The FDA has just lowered a key barrier standing between Intra-Cellular Therapies and potential approval of an experimental schizophrenia drug. Now the question is whether the mixed set of data the company has accrued to support the program will be good enough for regulators.

Intra-Cellular (NASDAQ: ITCI) said the FDA has finished looking over responses the New York company provided about a preclinical toxicology study of its drug, lumateperone, in dogs. The FDA was concerned that some potential safety hazards seen in that study might predict similar issues in humans who take the drug chronically, but Intra-Cellular was able to convince the regulators otherwise. Still, the company will add new monitoring measures to an ongoing, long-term safety study it has been ramping up.

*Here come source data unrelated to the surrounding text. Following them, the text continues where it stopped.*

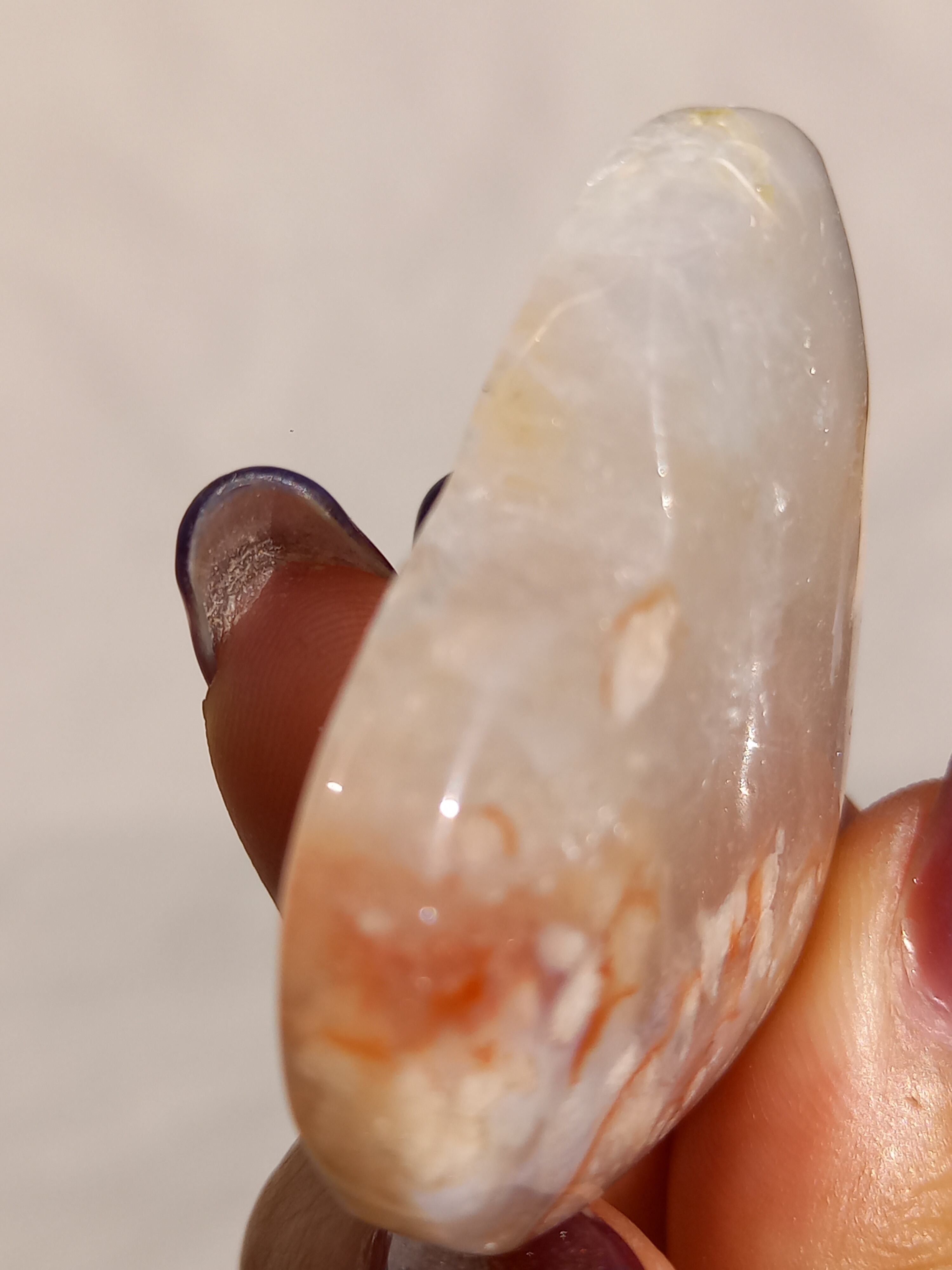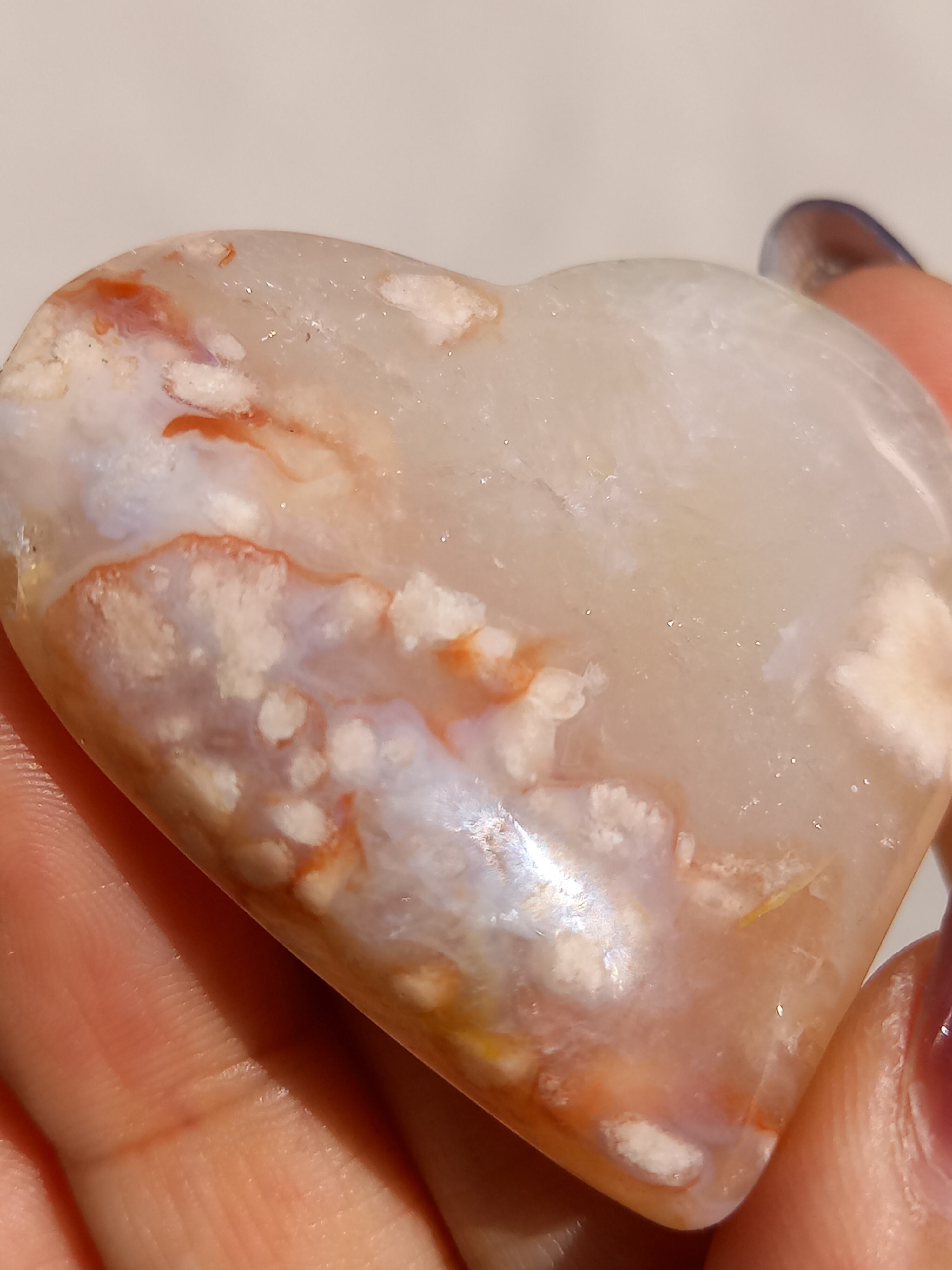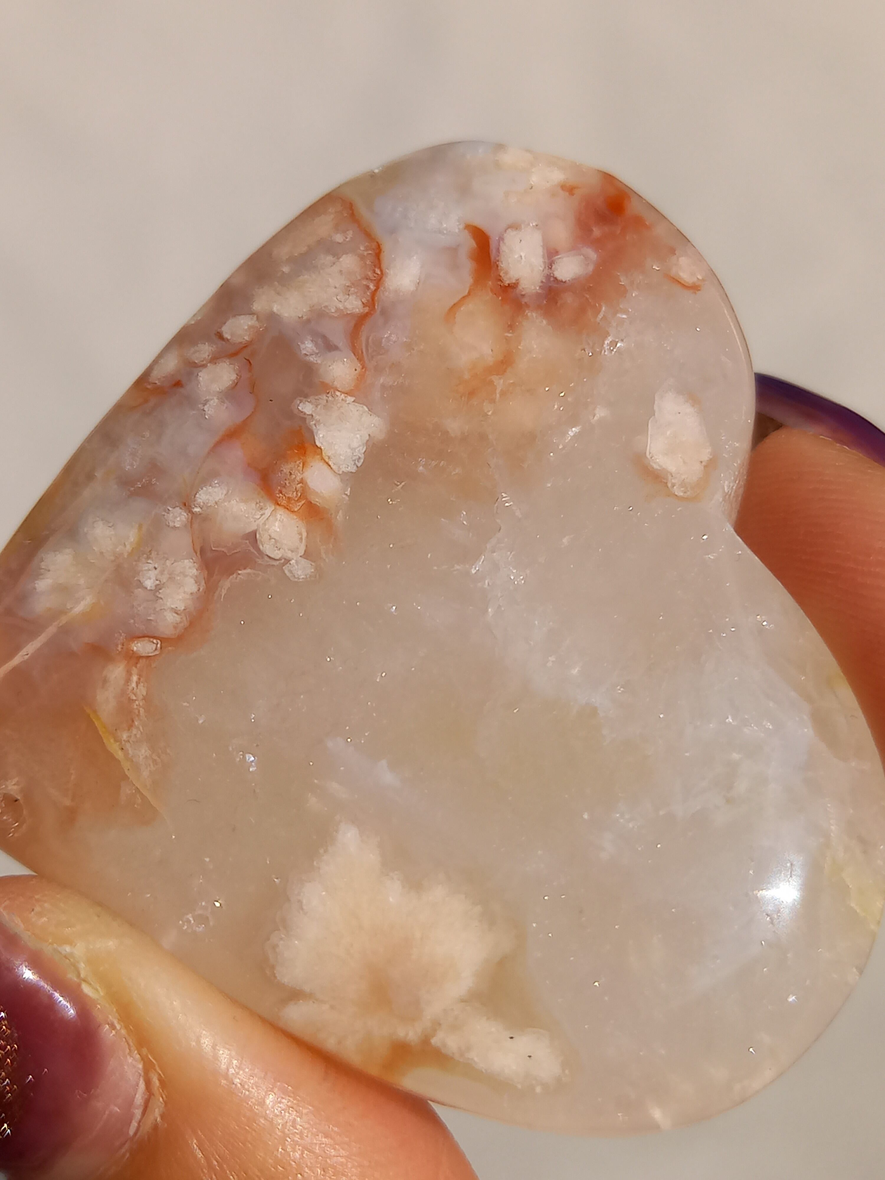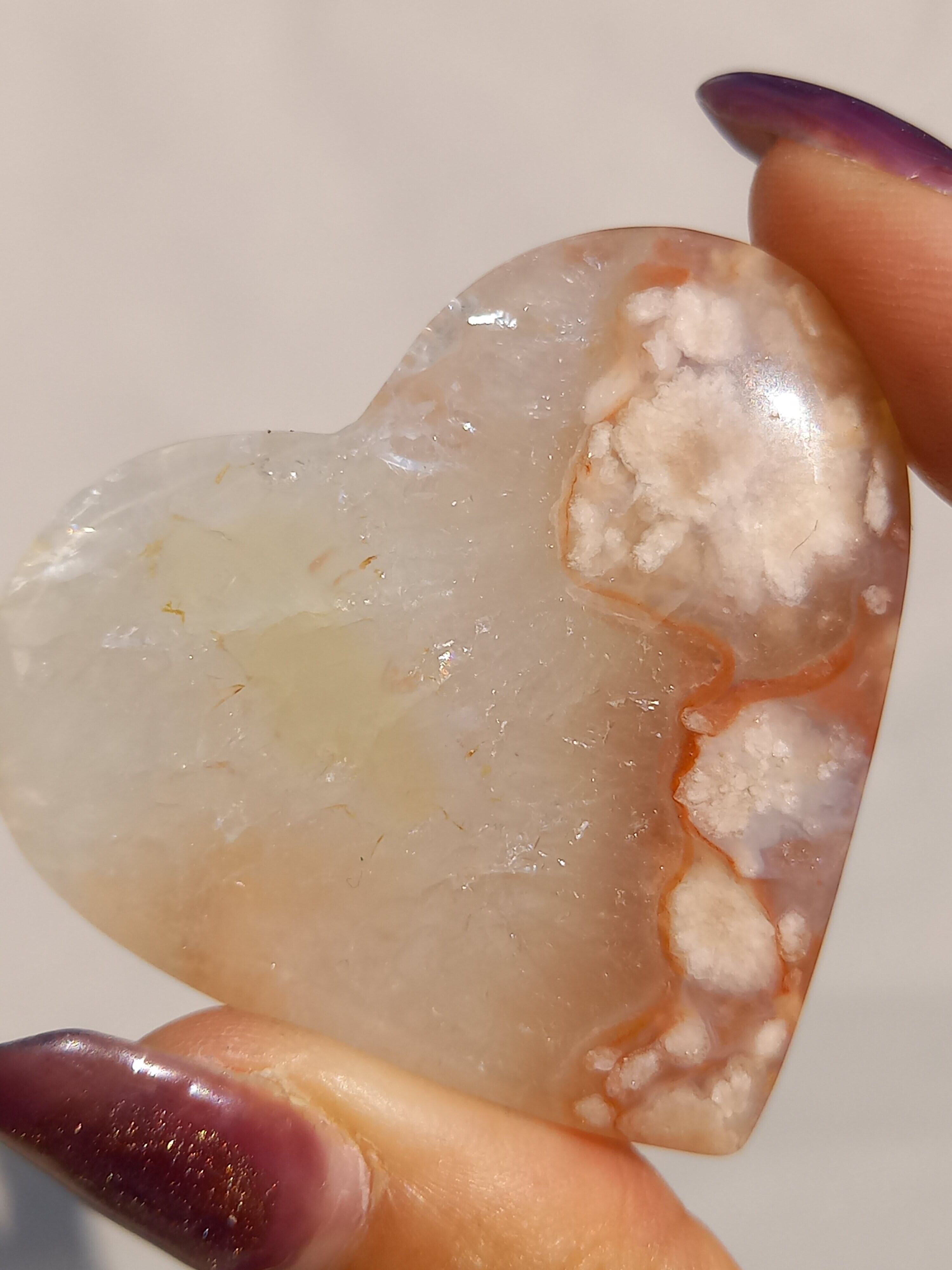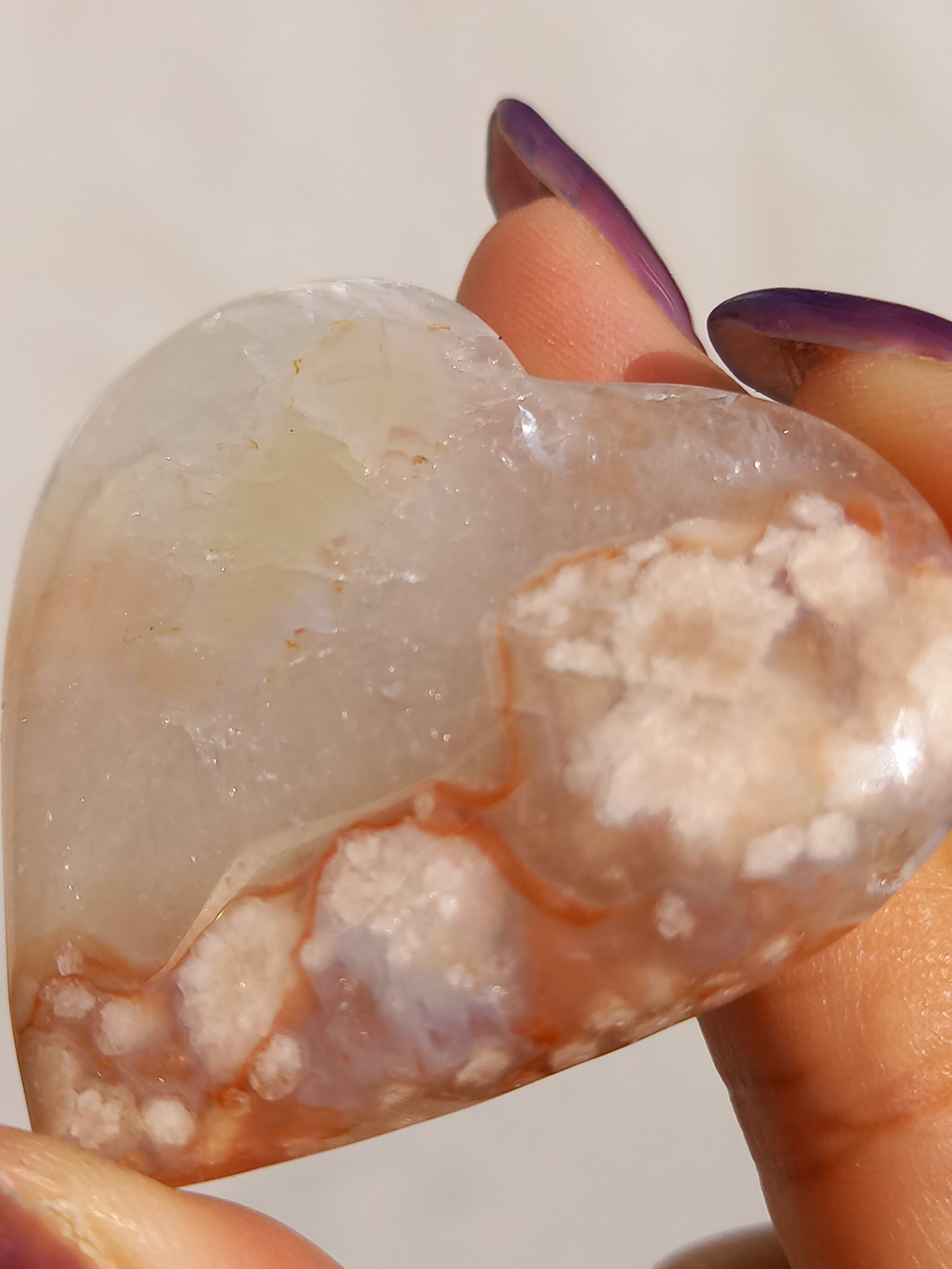アメジストに、フラワーアゲートが共生したハートパームになります。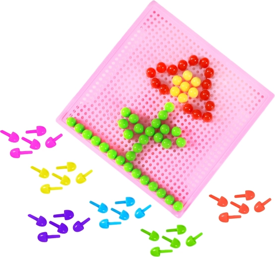 El mosaico creativo con clavijas encantará a todos los pequeños creadores. Los niños pueden componer imágenes según su imaginación y desarrollar la motricidad fina y la paciencia. El paquete incluye 210 clavijas en 6 colores y una práctica base de inserción.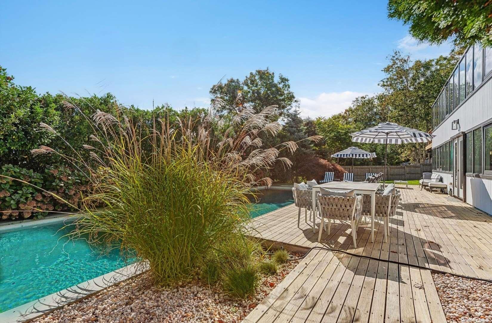 Immerse yourself in the ultimate resort-like living at 69 Three Mile Harbor Drive, offering convenient access to East Hampton's Sammy's Beach and a quick drive to elevated town living. This meticulously maintained 4,000sqft contemporary style home offers a harmonious blend of luxury and comfort, ideal for discerning tenants seeking a serene off season or summer retreat. This professionally curated home boasts five spacious bedrooms and five and a half bathrooms, providing ample space and comfort for all guests. Four of the bedrooms are en-suite, while the fifth features its own private detached bath. The primary suite serves as a true sanctuary, complete with an en-suite bathroom, generous closet space, and a personal fireplace. Each additional bedroom is thoughtfully designed to ensure privacy and comfort. The heart of the home is the expansive living area, seamlessly integrating the living room, dining room, and gourmet kitchen. Large windows throughout the main level flood the space with natural light, creating a warm and inviting atmosphere. The dining area is ideal for hosting both formal dinners and casual gatherings, while the fully-equipped kitchen features a generous island that doubles as a breakfast bar with seating for eight. Step outside to the attached balcony, where you can cook al fresco on the grill and unwind by the propane fire pit, surrounded by two cozy lounging couches, perfect for outdoor entertaining. Ascend to the second level and discover three additional bedrooms, two en-suite, each designed for comfort and privacy. The oversized entertainment area is perfect for gatherings, complete with a convenient wet bar that seamlessly connects to the backyard oasis. Open the French doors to reveal a stunning 45' gunite pool, surrounded by mature hydrangeas and mahogany decking, creating a picturesque setting. The coastal landscape enhances the serene atmosphere, featuring a spacious patio, two fire pits, and plenty of poolside lounging and dining options. With a well-maintained lawn as a backdrop, it's an ideal spot for relaxation and outdoor activities. Located just minutes from bay access and a short drive to East Hampton's Main Street, known for its world-class boutique shopping and fine dining, this home is ideal for those who love to entertain or simply unwind in complete privacy. The homeowner is open to accommodating any and all rental periods, making it a versatile option for your ideal getaway. Available MD-LD $140k, May $18k, June $30k, July $55k, August $60k, August-LD: $65k & any two weeks off season for $12k.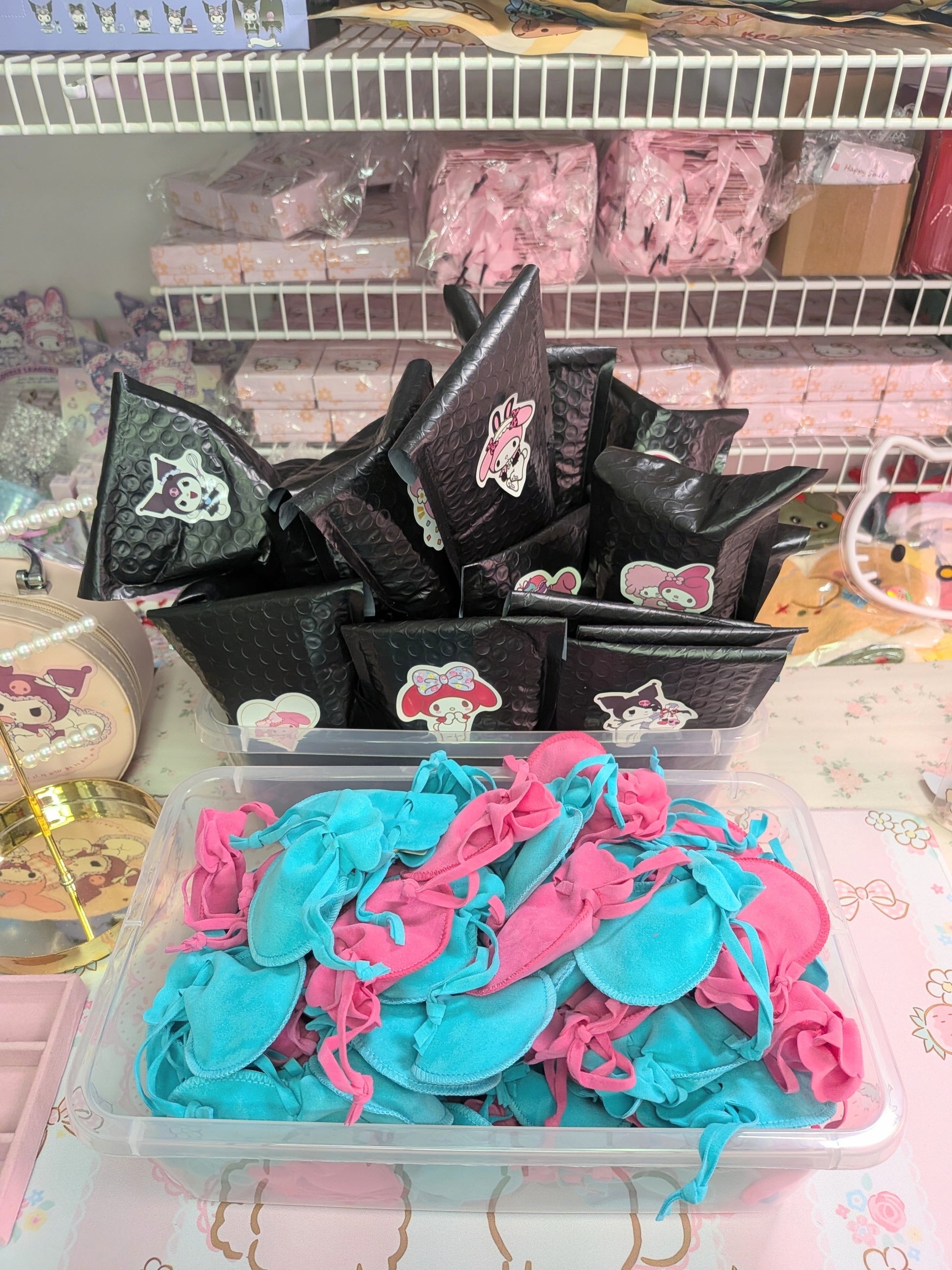 Each order includes mystery jewelry pouches in pink & blue, plus special surprise envelopes with bigger goodies inside 💌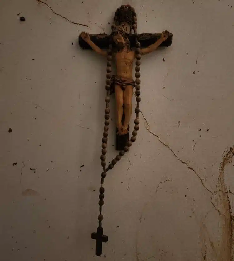 “Quero partilhar essa foto com vocês pelo seguinte: tudo foi destruído em nossa casa paroquial; tudo caiu no chão, mas a imagem de Nossa Senhora das Graças ficou intacta na mesma posição. Para mim, é um sinal de que Maria esteve sempre de pé intercedendo por todos nós. Só gratidão”.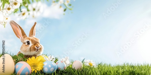 Fototapeta premium Rabbit with colorful easter eggs and flowers in spring field.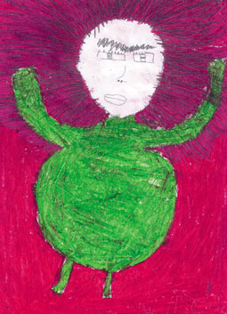 (السلام عليك يا أمنا الغولة) هو ما قاله البطل ليتجنب أن يصبح وجبة عشاء. لترد عليه الغولة: (لولا سلامك سبق كلامك لأكلت لحمك قبل عظامك). رسم: مينا أبوحماد العمر: 13 سنة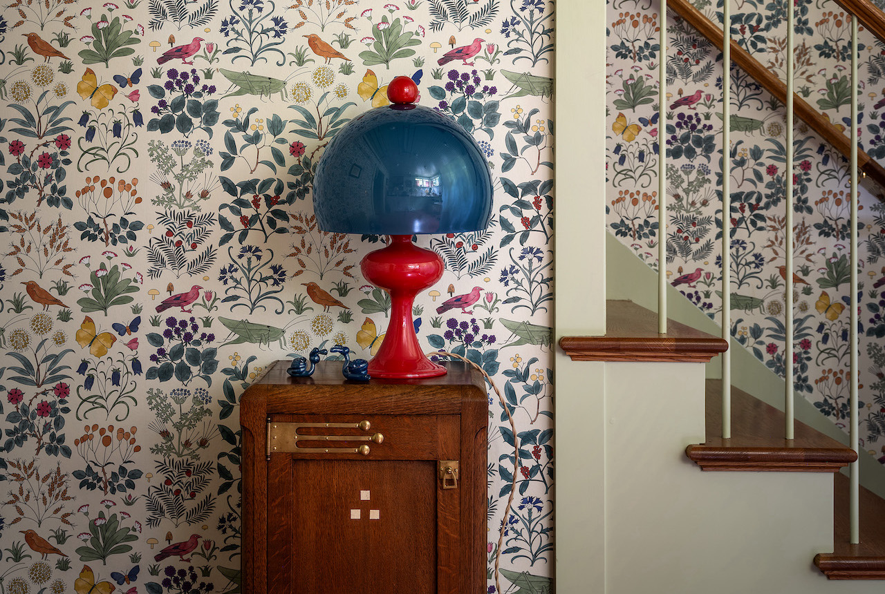 Escena interior con papel tapiz floral, armarios de madera con luces azules en la parte superior y escaleras con barandillas de madera.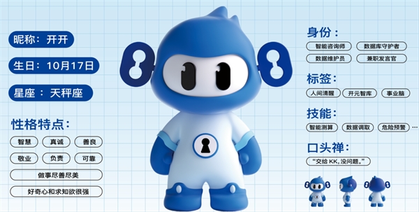 二十年的成长,二十载的革新。开元咨询实现价值提升的理念,建立了集人才资源、产业资源、信息资源等为一体的智库体系。在这个庞大的智库体系里,活跃的智慧因子,通过不断地碰撞、交汇、整合,催化出了智慧生命体Karon,昵称“开开”。“开开”生于智库,长于创新,是开元智慧的集大成者。“开开”的头上插着两把钥匙,分别是“智慧之匙”和“信念之影”,“开开”思考的时候,两把钥匙总会不受控制地微微转动。

The news clears Intra-Cellular to file for approval for lumateperone, and it aims to do so by mid-2018. Shares climbed 33 percent in pre-market trading Wednesday morning on the news, but the future is still uncertain for lumateperone.

Lumatepereone, a small molecule drug meant to act on serotonin, dopamine, and glutamate levels in the brain, succeeded in one Phase 3 trial in schizophrenia but failed a second study. The company blamed the failed study on an “unusually high placebo response at certain sites…disproportionately affected the trial results,” leading to a different outcome than it has seen in previous trials of lumateperone, and plans to file for FDA approval anyway.

A number of psychiatric drugs tripped up in late-stage testing—among them a drug from now-shuttered Forum Pharmaceuticals, of Waltham, MA—have been doomed for similar reasons, but Intra-Cellular still thinks, failed trial aside, it has enough good data on lumateperone to win FDA approval. The agency’s response so far, according to Intra-Cellular, has been that the data accrued “does not preclude” the company from filing for approval. Time will tell whether the gamble pays off.

“We are very pleased with the outcome of our discussions with the FDA and look forward to progressing our schizophrenia program,” Intra-Cellular CEO and chairman Sharon Mates said in a statement.